+++ Dataset records +++

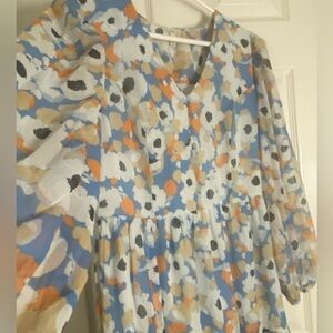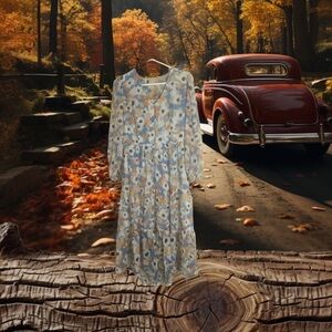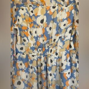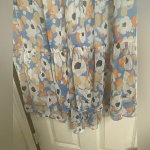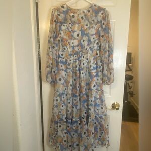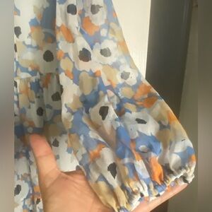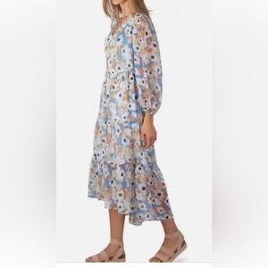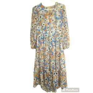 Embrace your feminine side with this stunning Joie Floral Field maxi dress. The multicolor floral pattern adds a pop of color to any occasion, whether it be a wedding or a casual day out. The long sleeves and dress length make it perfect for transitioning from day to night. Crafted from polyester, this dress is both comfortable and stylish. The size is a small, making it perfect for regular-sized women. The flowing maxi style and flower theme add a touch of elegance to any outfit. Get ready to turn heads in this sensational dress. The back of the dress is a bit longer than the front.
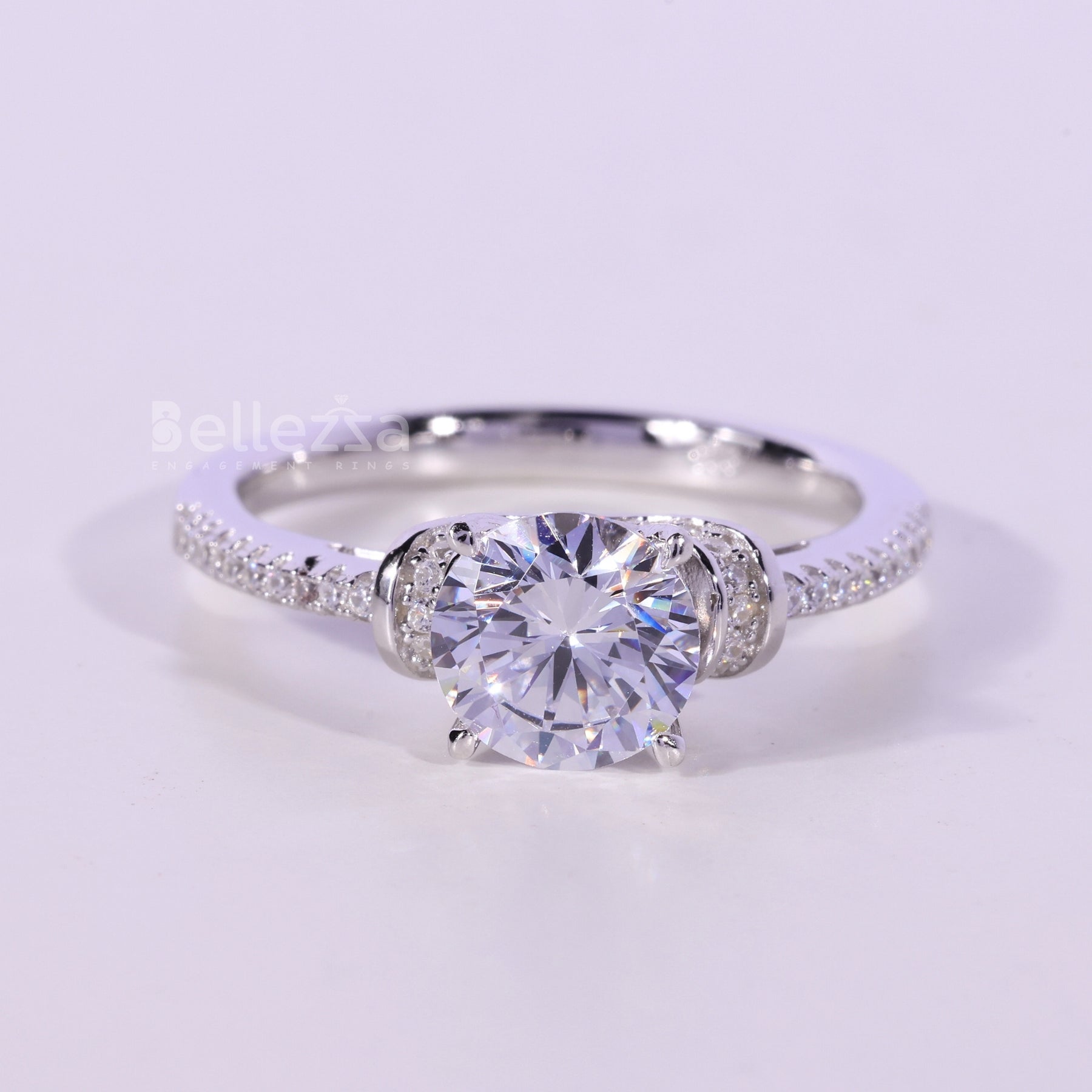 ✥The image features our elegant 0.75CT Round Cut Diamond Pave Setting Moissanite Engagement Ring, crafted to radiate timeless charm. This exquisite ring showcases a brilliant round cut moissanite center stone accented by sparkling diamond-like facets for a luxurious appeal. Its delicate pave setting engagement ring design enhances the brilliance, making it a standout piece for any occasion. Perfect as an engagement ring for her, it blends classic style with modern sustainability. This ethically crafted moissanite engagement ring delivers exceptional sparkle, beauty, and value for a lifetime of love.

+++
+++ Dataset records +++

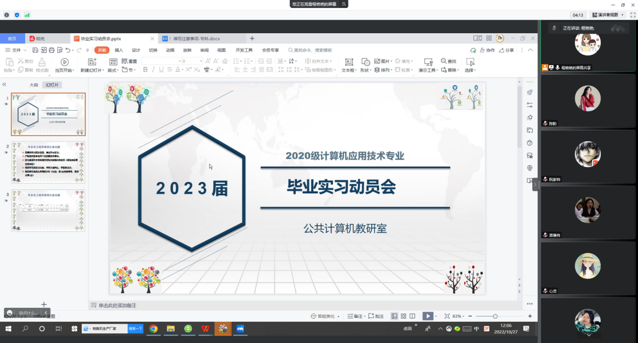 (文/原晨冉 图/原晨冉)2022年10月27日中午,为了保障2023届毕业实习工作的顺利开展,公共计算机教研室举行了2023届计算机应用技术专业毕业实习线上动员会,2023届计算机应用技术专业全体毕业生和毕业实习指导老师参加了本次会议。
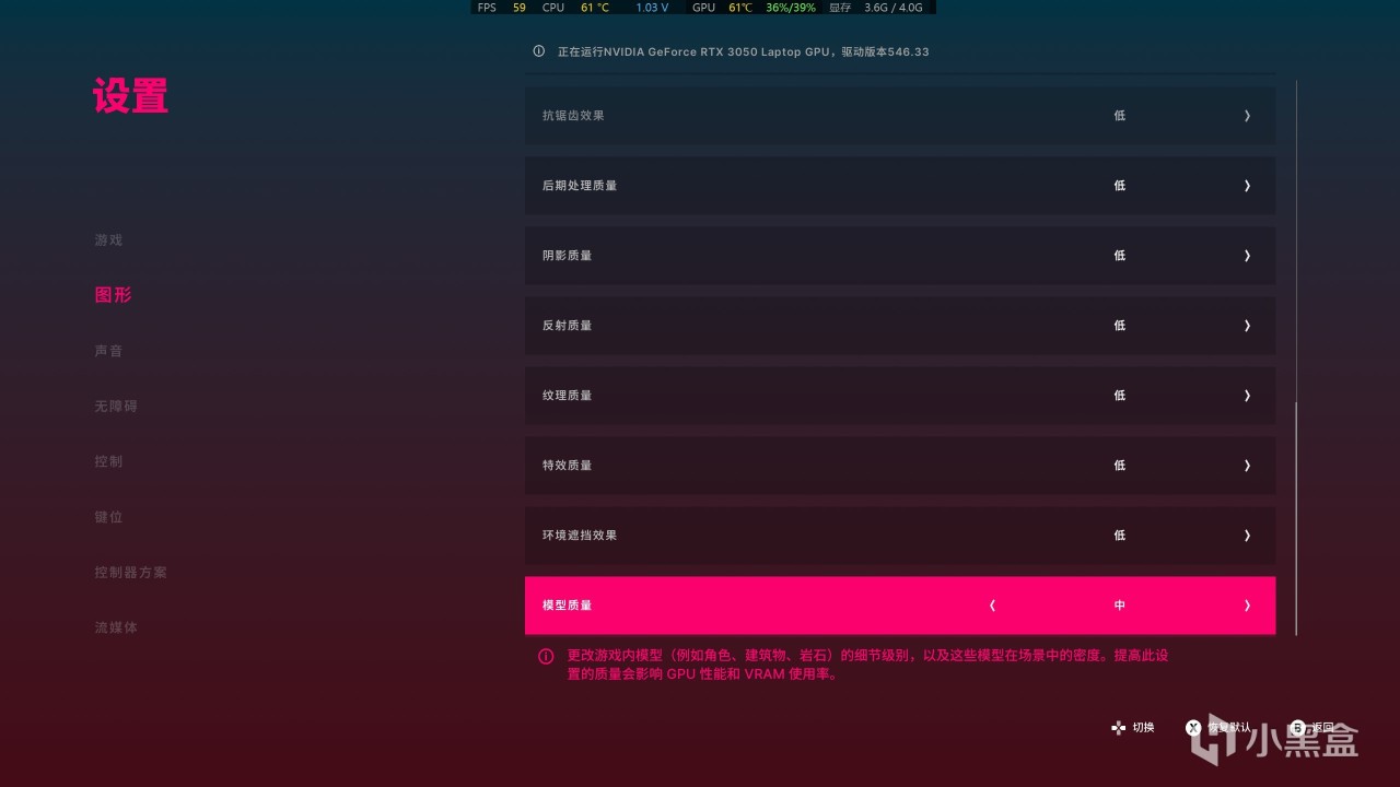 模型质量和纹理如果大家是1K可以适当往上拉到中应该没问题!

+++

§ Exercise objective: The material above holds pictures; leave them out. Repeat exactly the lines from the one containing "(文/原晨冉 图/原晨冉)2" through the one containing "模型质量和纹理如果大家是1K可以适当往上拉到中应该没问题!", and nothing else.

§ Completed task:
 (文/原晨冉 图/原晨冉)2022年10月27日中午,为了保障2023届毕业实习工作的顺利开展,公共计算机教研室举行了2023届计算机应用技术专业毕业实习线上动员会,2023届计算机应用技术专业全体毕业生和毕业实习指导老师参加了本次会议。
 模型质量和纹理如果大家是1K可以适当往上拉到中应该没问题!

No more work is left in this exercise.